Images: (top left) HESS: High-performance Earth System Simulator, a 768-core cluster run by ARC for Profs. King and Zhou; (top right) isosurface of temperature from a creeping convection calculation in a spherical shell applicable to the interior of Mercury (see King, 2008); (left) schematic view of the interior of the Earth.

Geodynamics: At the pressures and temperatures of planetary interiors, silicate rocks deform by creeping viscous flow. In the Geodynamics Group at Virginia Tech we are trying to understand questions such as why does Earth have plate tectonics while other planets do not?; what is the fate of  subducting slabs?; what is the cause of intraplate volcanism?; how have the Earth and other planets changed through time?

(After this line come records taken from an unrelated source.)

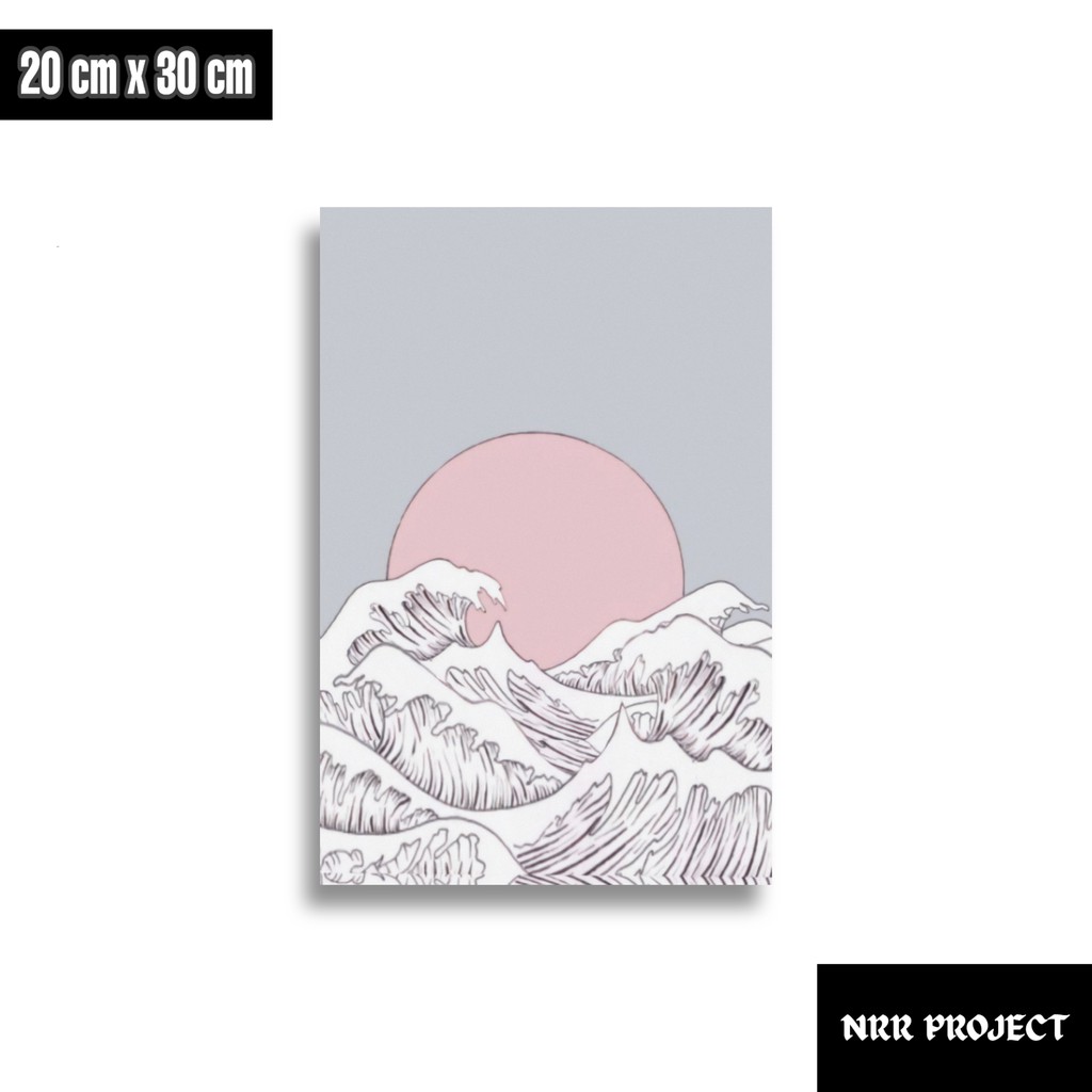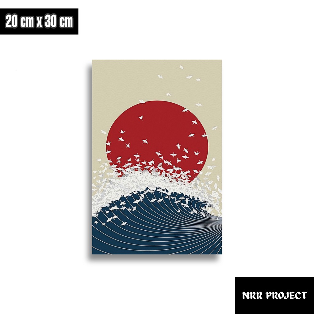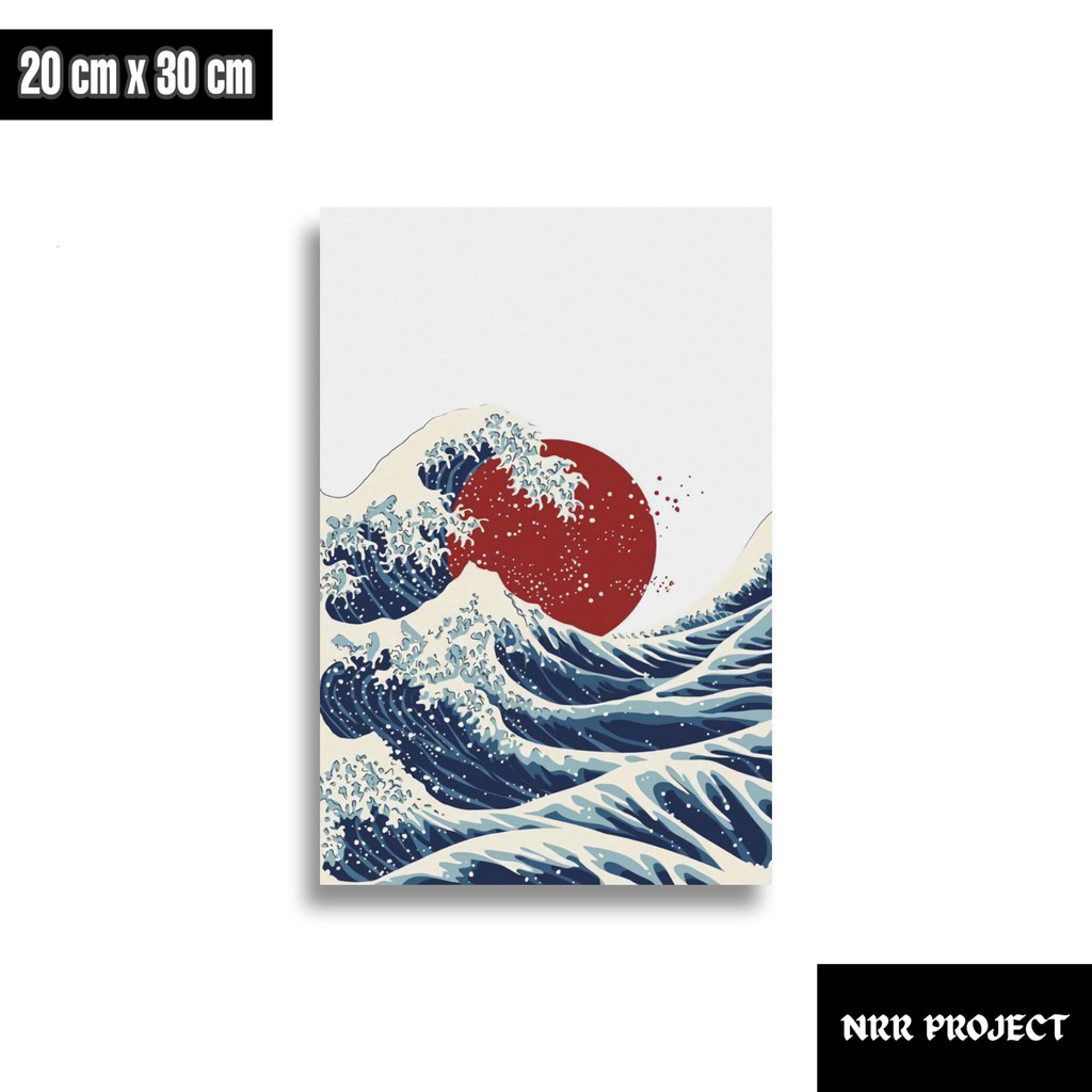 Hiasan dinding dekorasi dinding pajangan rumah wall decor poster kayu Ombak Jepang art 2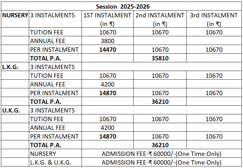 FEE STRUCTURE (Kindergarten Section)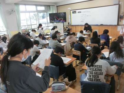 学習発表会に向けて、役割やセリフを確認し、脚本の読み合わせをしました。もうすでに思いを込めた演技をしながら話そうとする姿も見られます。やる気を感じます。さすが6年生です。これから高まっていく様子が見られそうで、楽しみです。
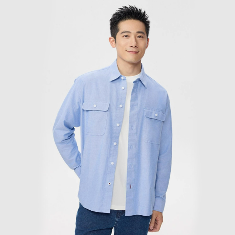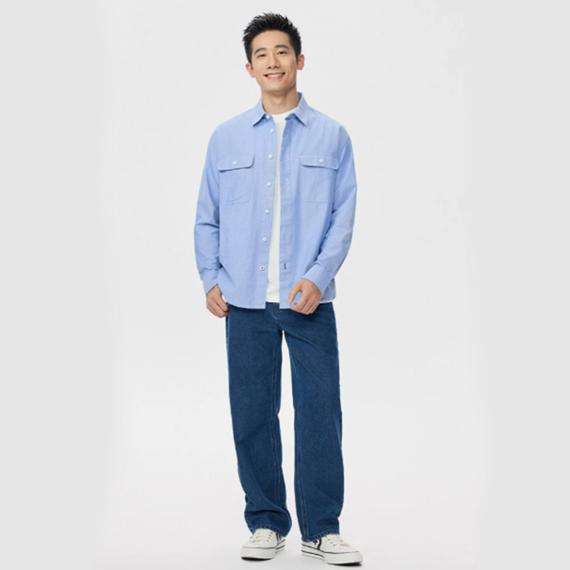 佐丹奴牛津纺衬衫男新款纯棉双口袋男士帅气通勤长袖衬衫01045032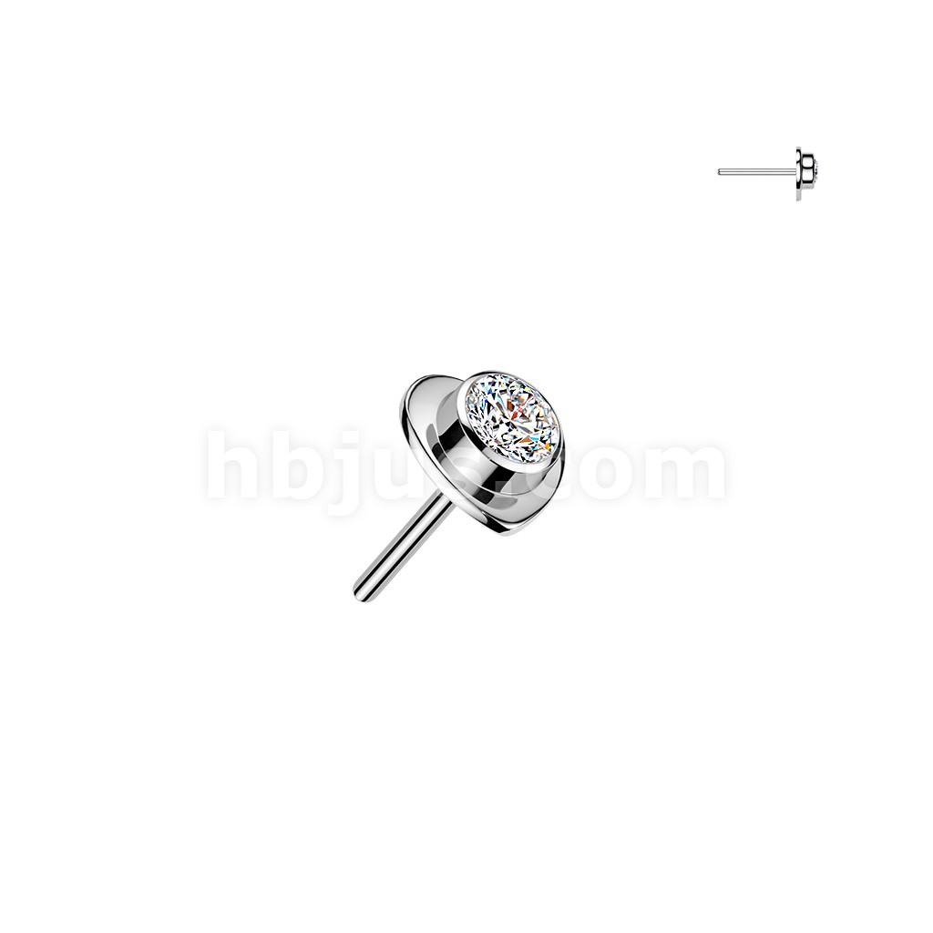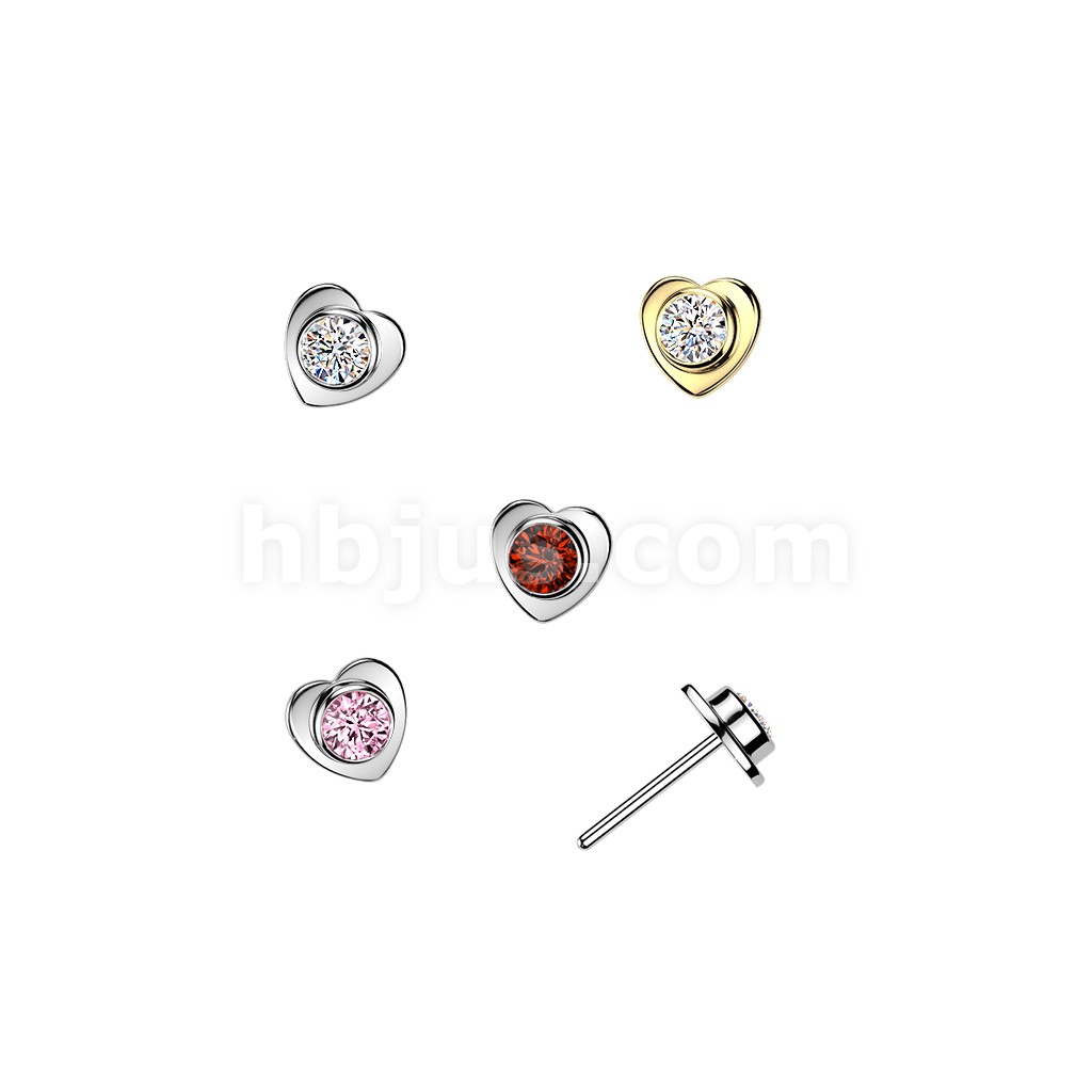 Titanium Threadless Heart Top With Bezel Set CZ Center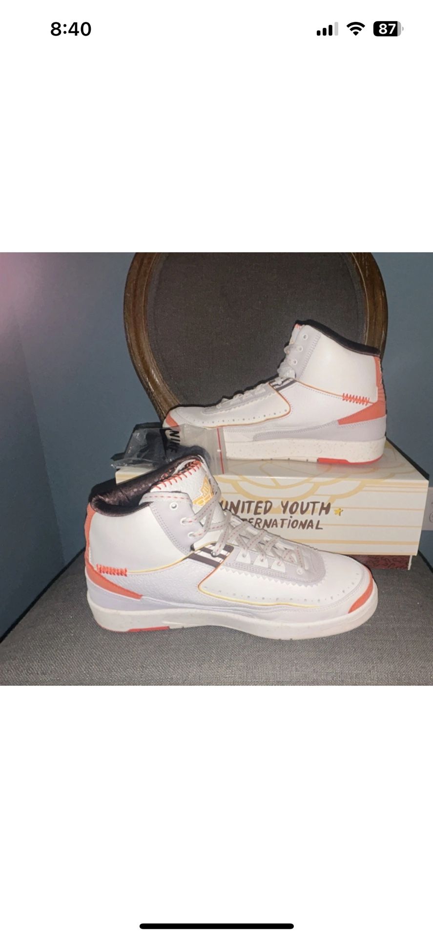 Nike Air Jordan 2 Maison Chateau Rouge White Orange High Top Men's Sneakers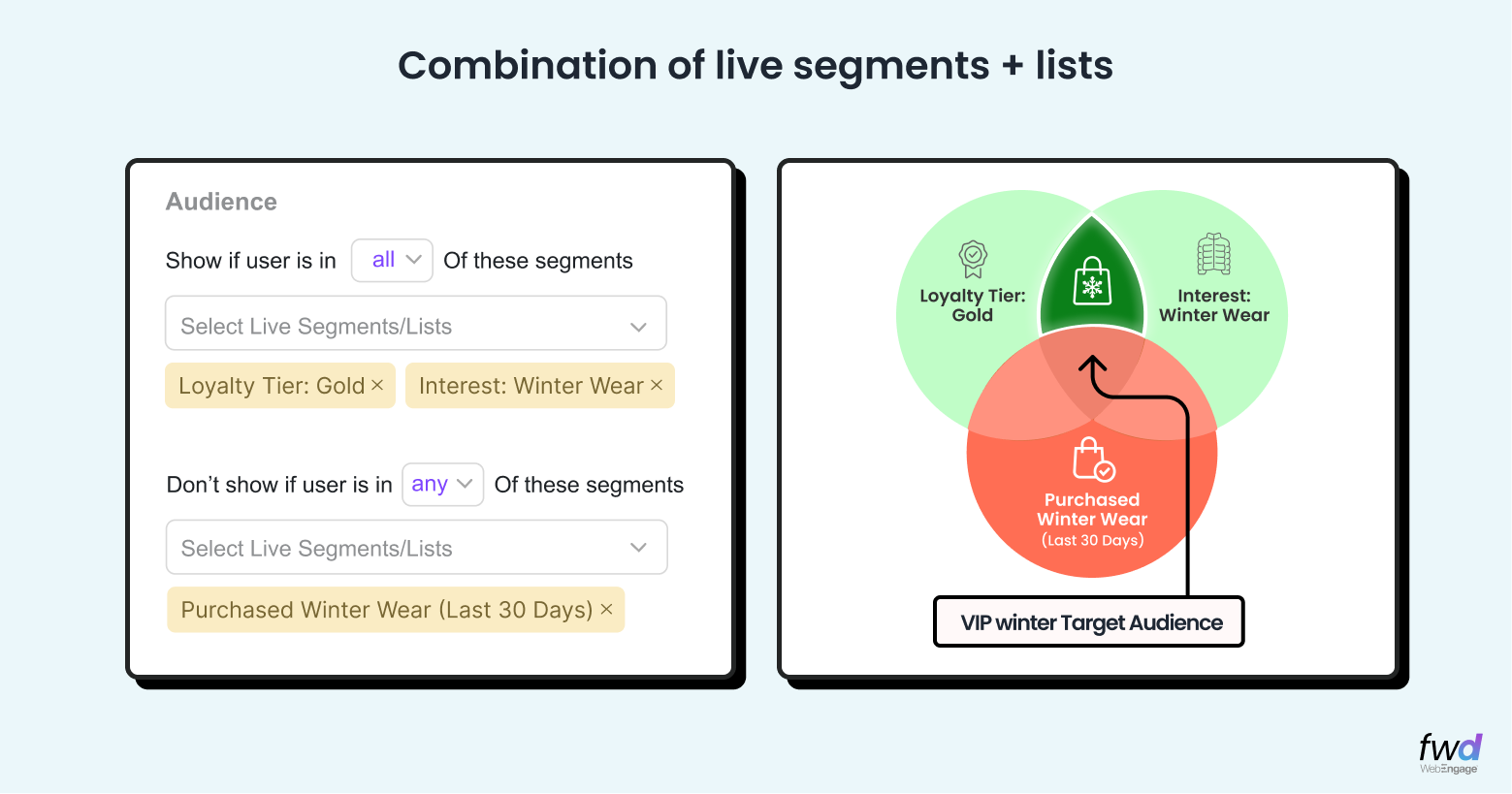 - Segment Inclusion/Exclusion: Go beyond basic rules. You can now target multiple live segments simultaneously (e.g., “Include: High Value Users” + “Exclude: Users who bought in the last 7 days”) to ensure the right message hits exactly the right audience.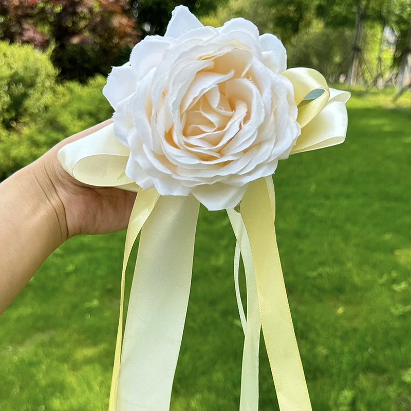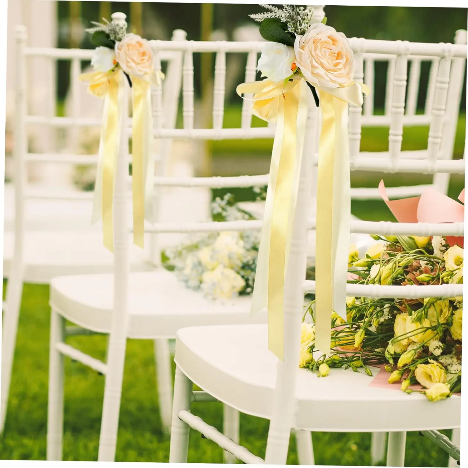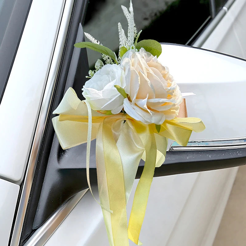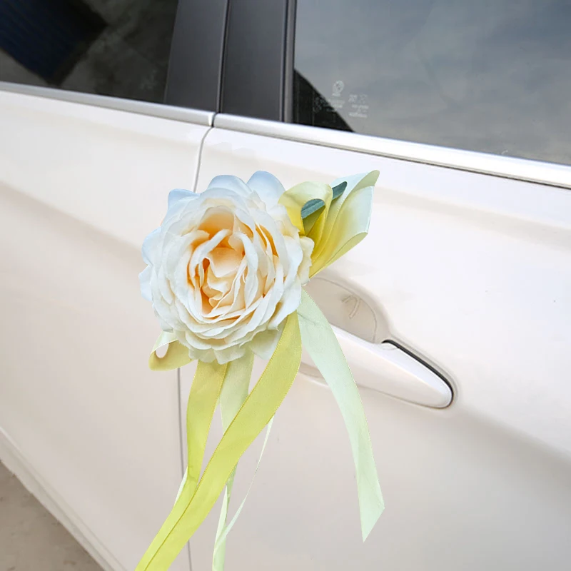 1PC Wedding Decoration Set Wedding Car Flower Silk Rose Chair Back Flowers Plate Ribbon Bows Set Door Handle Ornament Supplies
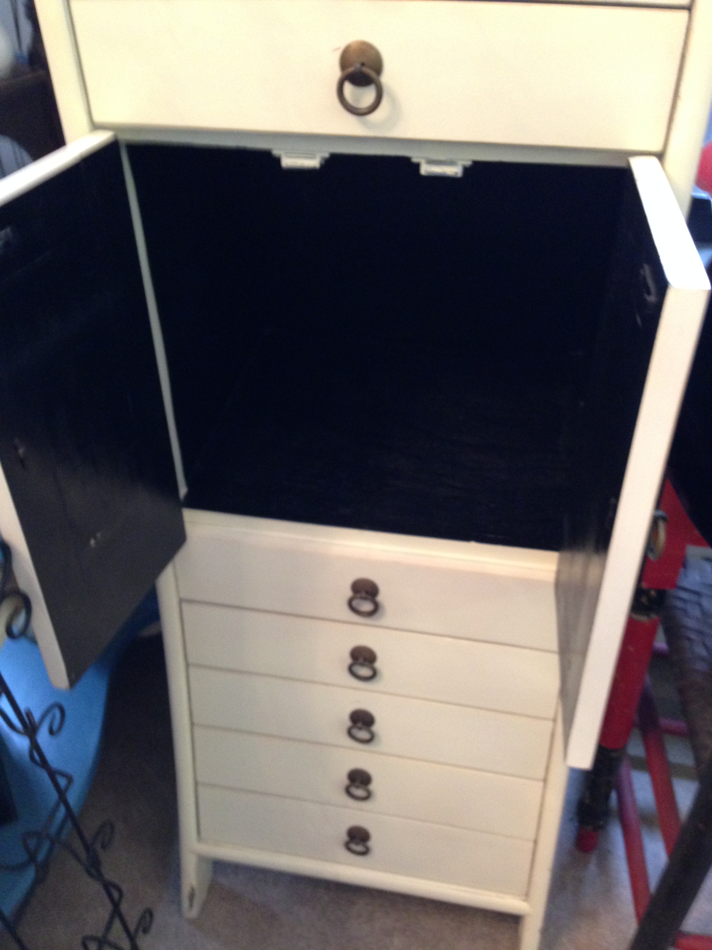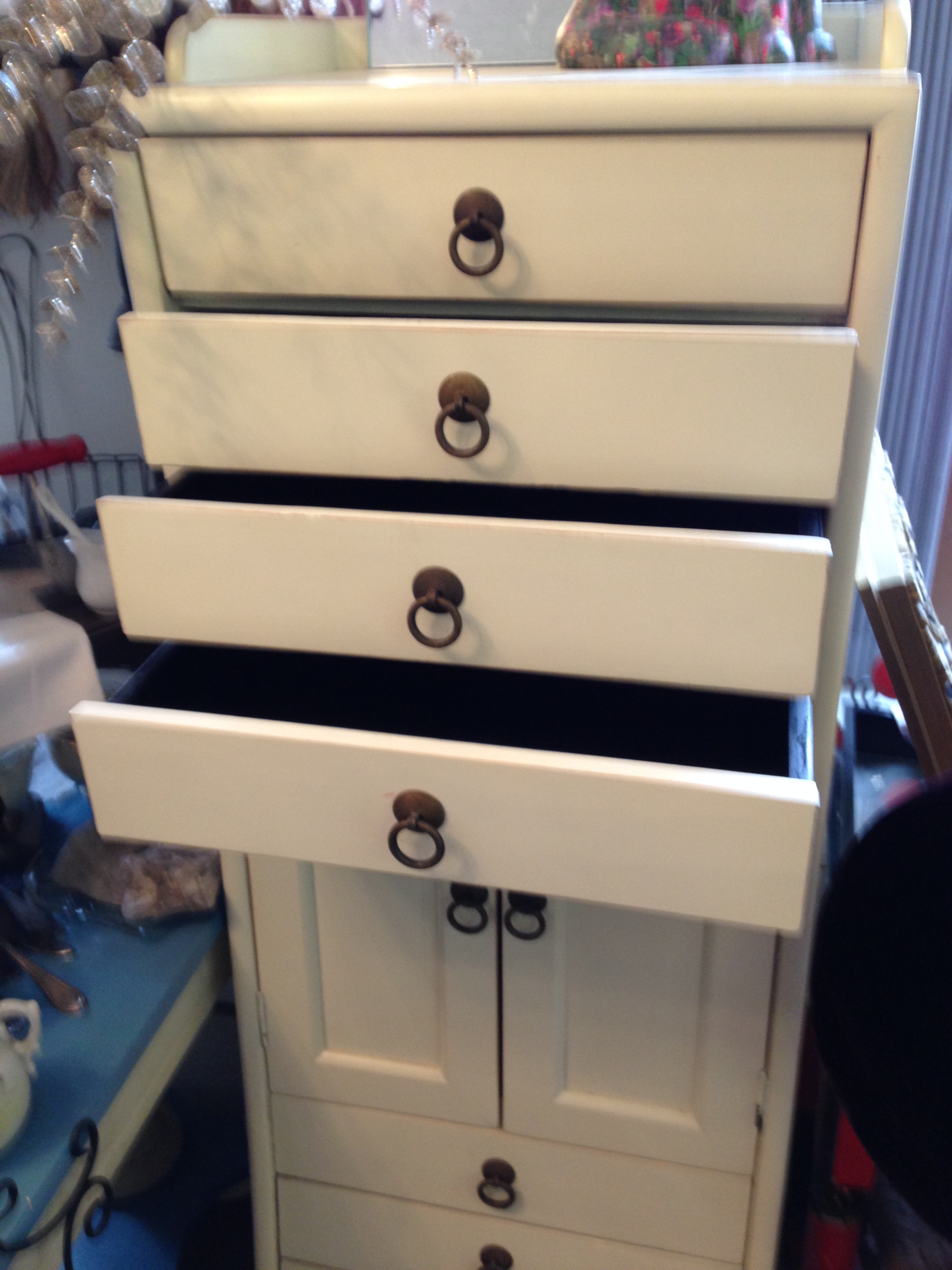 Dimensions: The dresser is 17 3/4″ W x 53 1/2 H to the surface. There is a 1 1/2″H lip on three sides of the top surface. The dresser is designed to bow out in the front so that the top is 15″ D with the lower half getting progressively deeper until the bottom is 21″ D.

So why do planets deform?  Ultimately the energy that drives plate motions on Earth, mountain building and volcanic activity comes from the cooling of the interior.

How do we study planets? The computer is our research laboratory and we use mathematical and numerical models to understand how motions within the planet, driven by buoyancy due to cooling, cause surface deformation, volcanism, and in the case of Earth, drive plate tectonics.  The observations we use to test these models include: gravity, seismic velocity anomalies, topography, heat flow, volcanism, plate motions, geochemical anomalies, and electromagnetic fields.

This is a challenging interdisciplinary research endeavor that requires collaboration with many other researchers in earth and planetary science.